Monday, April 25, 2011

Focusing On Results

BTMAD 04


The reason for the existence of Reach Unlimited is to satisfy the needs of our clients. Whose needs, which needs, and what constitutes “satisfaction” are the unending and subjective questions that confront our board. Therefore, the most important work of the governing board is to create, and re-create, the reasons for organizational existence.

It is important that the board view results in terms of cost and benefit. We engage in a transaction with the world outside Reach. We consume talent, capital, and space in exchange for making clients safer, happier, and healthier. The board should ask itself, “What good shall we accomplish, for which people and needs, and at what cost?”

Ends are the satisfactory results. Means are activities and procedures staff choose to achieve the intended effects. Often we get so engrossed by discrete routines that we lose sight of the intended results. We can become distracted by commendable activities, conditions, structure, and technologies.
Activities are always means, no matter how important or complex. External outcomes, results, and impacts are Ends.
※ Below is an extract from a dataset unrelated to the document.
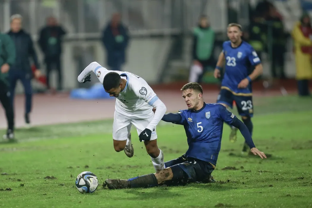 Kosovo's Ilir Krasniqi, right, vies for the ball with Israel's Idan Gorno during the Euro 2024 group I qualifying soccer match between Kosovo and Israel at the Fadil Vokrri stadium in Pristina, Kosovo, Sunday, Nov. 12, 2023.,Image: 821673599, License: Rights-managed, Restrictions: This content is intended for editorial use only. For other uses, additional clearances may be required., Model Release: no, Pictured: Idan Gorno,Ilir Krasniqi,Israel
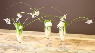 グラスの縁に沿わせて花を活けて、かわい...

A Mission statement is a broad and brief Ends statement that answers these questions: “What is this organization for?” and “How will the world be different as a result of our existence?” Following are six critical characteristics of a powerful Mission Statement:
1 – Detail the change, the effects, we wish to make - but not in terms of activities. Rather, the change is the mission.
2 – Succinct.
3 – It should be generated by the board, not just approval of a staff generated statement.
4 – The statement should be integrated with related external organizations i.e. the community.
5 – The Mission should be a displayed prominently and repeated often.
6 – It should be the theme of all departments and decisions.

The first step is to determine the Mission. Second is to establish the products, consumers, and costs which the board feels strongly enough about to make pronouncements. And third, to subject those issues to analysis, debate, and vote.

Policy making stops at the point where the board is willing for the Executive Director to make further decisions about activities (Means). The idea is to not extend policy making to the small value choices. The staff should not have to worry that the board will so extensively address low level issues that there is very little latitude for the staff to do its job. The staff is driving, and as long as we feel they are not taking the long route, they should be permitted to choose the lane and the route.

Good governance calls for the board‘s role in long range planning to consist chiefly of defining a “somewhere” the organization needs to go. The enunciation of this “somewhere” is the board’s highest contribution. The actual long range planning should be done by staff – not the board. The board should confine itself to the big questions about Ends and not drift into current issues.

Once Ends policies are written, the board should focus on answering the question: “How are we doing?” There should be a precise, systematic, non-intrusive, criteria-focused method for monitoring results. Keep asking, “What did we want to accomplish and did we accomplish it?”